= EXERCISE =
Skip the pictures, and retype the data below in full, exactly.

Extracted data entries

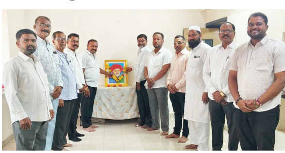
सांगली : हॅलो प्रभात

क्रांतिसूर्य महात्मा ज्योतिराव फुले यांच्या जयंतीनिमित्त राष्ट्रवादी काँग्रेस पार्टी (शरदचंद्र पवार) पक्षाच्या वतीने सांगली जिल्हा कार्यालयात अभिवादन करण्यात आले. यावेळी महात्मा फुले यांच्या प्रतिमेला पुष्पहार अर्पण करून त्यांच्या कार्याला विभ्रम अभिवादन करण्यात आले.
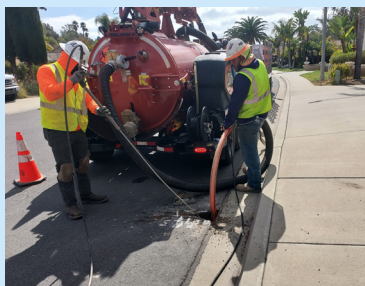
Localización de servicios públicos.

Las cámaras albergan importantes equipos de red. La imagen muestra la cámara en un estado temporal con asfalto negro alrededor y en un estado permanente una vez que la red esté completa.
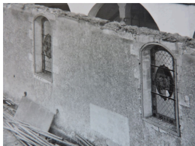
Verrières encore en place sur le mur sud lors de la démolition de l'église, janvier 1974.
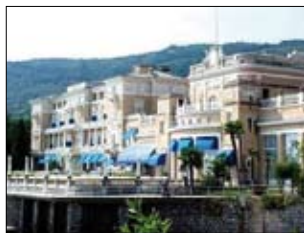
Hotel Kvarner - Opatija
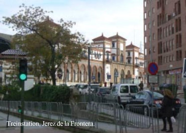
Treinstation, Jerez de la Frontera.
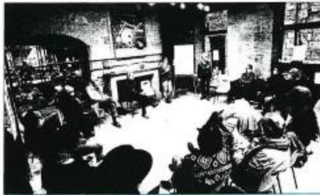
Les habitants ont été invités à donner leur avis sur la mise en valeur du secteur sauvegardé, samedi après-midi à la maison du patrimoine.

Boris KESSEYROTTE reportage@ladordogne.com
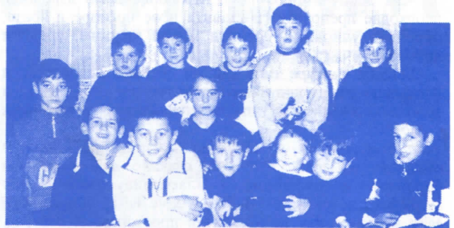
ЊИХ НИКАДА НЕЋЕМО ИЗНЕВЕРИТИ

Брига о деци свакако треба да има најважније место у животу сваког од нас. Та брига треба да буде највише испољена у самој породици, али не мање ни у предшколским и школским установама, поготову што данас родитељи због све тежег финансијског стања породице, имају све мање времена које посвећују својој деци. Ради што квалитетнијег васпитавања и образовања деце, по мишљењу СРС, деци треба омогућити да се уз игру оспособљавају за све животне изазове уз обезбеђење што квалитетнијих услова поготову у предшколским установама.
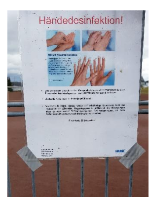
Abbildungen Hygienemaßnahmen TSV Großen Linden
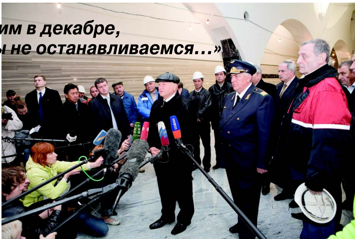
Ю.М. Лужков отвечает на вопросы журналистов.
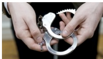
Fångvaktare och projektledare Olle Larsson.
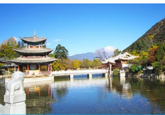
สระน้ำมังกรดำ
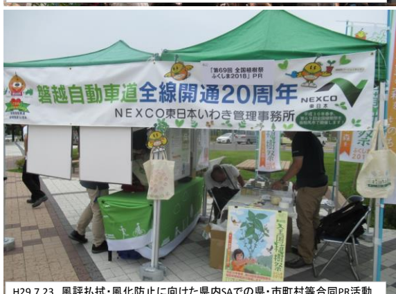
H29.7.23 風評払拭・風化防止に向けた県内SAでの県・市町村等合同PR活動
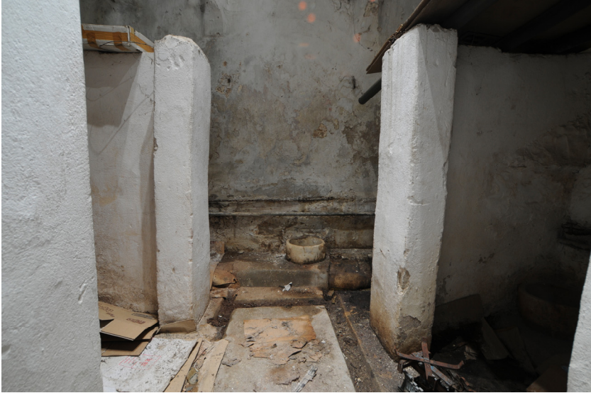
Resim 12- Bozdoğan Çarşı Hamamı. Sıcaklık.
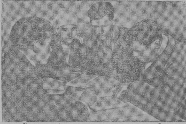
В парткабинете колхозного клуба.

Колхоз-миллионер имени Ленина (Чишимский район, Башкирская АССР) получил на ВСХВ 1939 году дип-лом 1 степени, 10 тысяч рублей и автомашину. Колхоз намечен к участию на ВСХВ 1940 г.
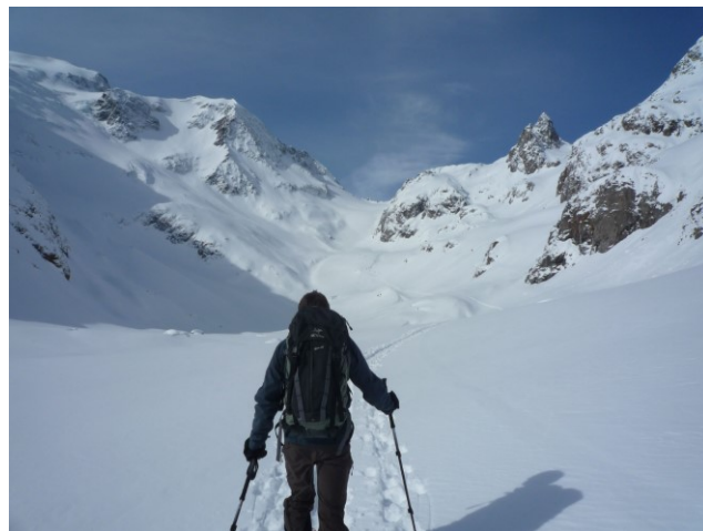
Blick links zum Vorder Tierberg mit NE-Wand

Die Abfahrt führt über die Aufstiegsroute zurück.
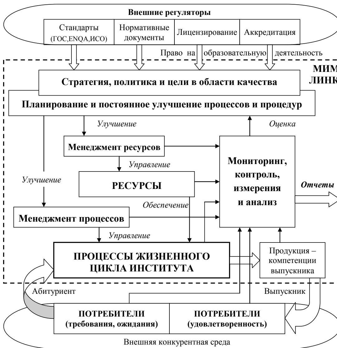
Рис. 2.1. Модель системы качества МИМ ЛИНК

В основу разработанной и внедряемой в институте системы качества (СК) положена Типовая модель, соответствующая требованиям «Стандартов и директив ENQA» и ISO 9001 (рис. 2.1).
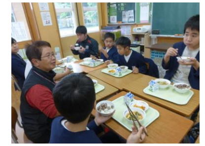
子牛生産農家との交流給食 ↑ 鹿児島ブランド和牛のサイロステーキをいただきました。おいしかった。
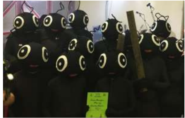
Auch unter den Siegern: Die „Broatoasch-Omassn“
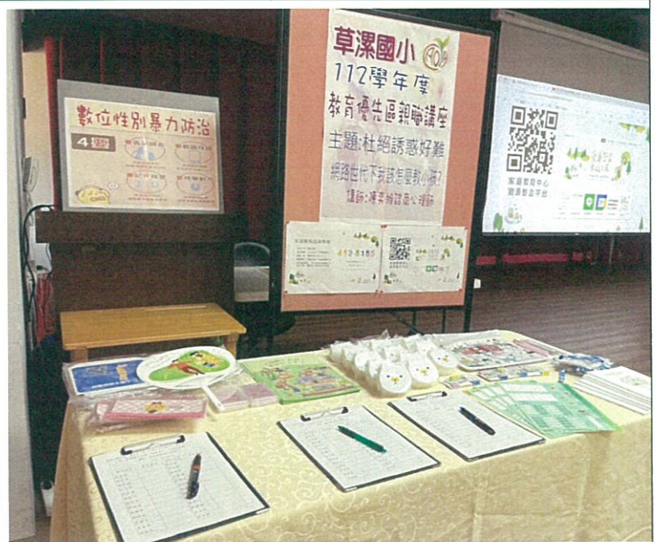
結合親職講座進行性平宣導
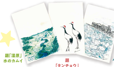
題「湿原」 水のカムイ
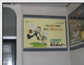
【アストラムライン車内】
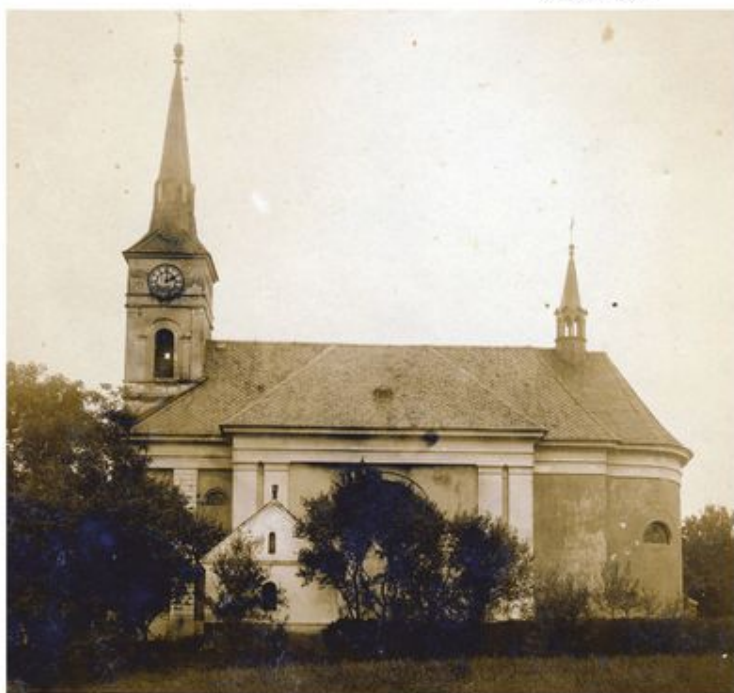
Pohled od obecního úřadu

= PROBLEM SOLUTION =
सांगली : हॅलो प्रभात

क्रांतिसूर्य महात्मा ज्योतिराव फुले यांच्या जयंतीनिमित्त राष्ट्रवादी काँग्रेस पार्टी (शरदचंद्र पवार) पक्षाच्या वतीने सांगली जिल्हा कार्यालयात अभिवादन करण्यात आले. यावेळी महात्मा फुले यांच्या प्रतिमेला पुष्पहार अर्पण करून त्यांच्या कार्याला विभ्रम अभिवादन करण्यात आले.
Localización de servicios públicos.

Las cámaras albergan importantes equipos de red. La imagen muestra la cámara en un estado temporal con asfalto negro alrededor y en un estado permanente una vez que la red esté completa.
Verrières encore en place sur le mur sud lors de la démolition de l'église, janvier 1974.
Hotel Kvarner - Opatija
Treinstation, Jerez de la Frontera.
Les habitants ont été invités à donner leur avis sur la mise en valeur du secteur sauvegardé, samedi après-midi à la maison du patrimoine.

Boris KESSEYROTTE reportage@ladordogne.com
ЊИХ НИКАДА НЕЋЕМО ИЗНЕВЕРИТИ

Брига о деци свакако треба да има најважније место у животу сваког од нас. Та брига треба да буде највише испољена у самој породици, али не мање ни у предшколским и школским установама, поготову што данас родитељи због све тежег финансијског стања породице, имају све мање времена које посвећују својој деци. Ради што квалитетнијег васпитавања и образовања деце, по мишљењу СРС, деци треба омогућити да се уз игру оспособљавају за све животне изазове уз обезбеђење што квалитетнијих услова поготову у предшколским установама.
Abbildungen Hygienemaßnahmen TSV Großen Linden
Ю.М. Лужков отвечает на вопросы журналистов.
Fångvaktare och projektledare Olle Larsson.
สระน้ำมังกรดำ
H29.7.23 風評払拭・風化防止に向けた県内SAでの県・市町村等合同PR活動
Resim 12- Bozdoğan Çarşı Hamamı. Sıcaklık.
В парткабинете колхозного клуба.

Колхоз-миллионер имени Ленина (Чишимский район, Башкирская АССР) получил на ВСХВ 1939 году дип-лом 1 степени, 10 тысяч рублей и автомашину. Колхоз намечен к участию на ВСХВ 1940 г.
Blick links zum Vorder Tierberg mit NE-Wand

Die Abfahrt führt über die Aufstiegsroute zurück.
Рис. 2.1. Модель системы качества МИМ ЛИНК

В основу разработанной и внедряемой в институте системы качества (СК) положена Типовая модель, соответствующая требованиям «Стандартов и директив ENQA» и ISO 9001 (рис. 2.1).
子牛生産農家との交流給食 ↑ 鹿児島ブランド和牛のサイロステーキをいただきました。おいしかった。
Auch unter den Siegern: Die „Broatoasch-Omassn“
結合親職講座進行性平宣導
題「湿原」 水のカムイ
【アストラムライン車内】
Pohled od obecního úřadu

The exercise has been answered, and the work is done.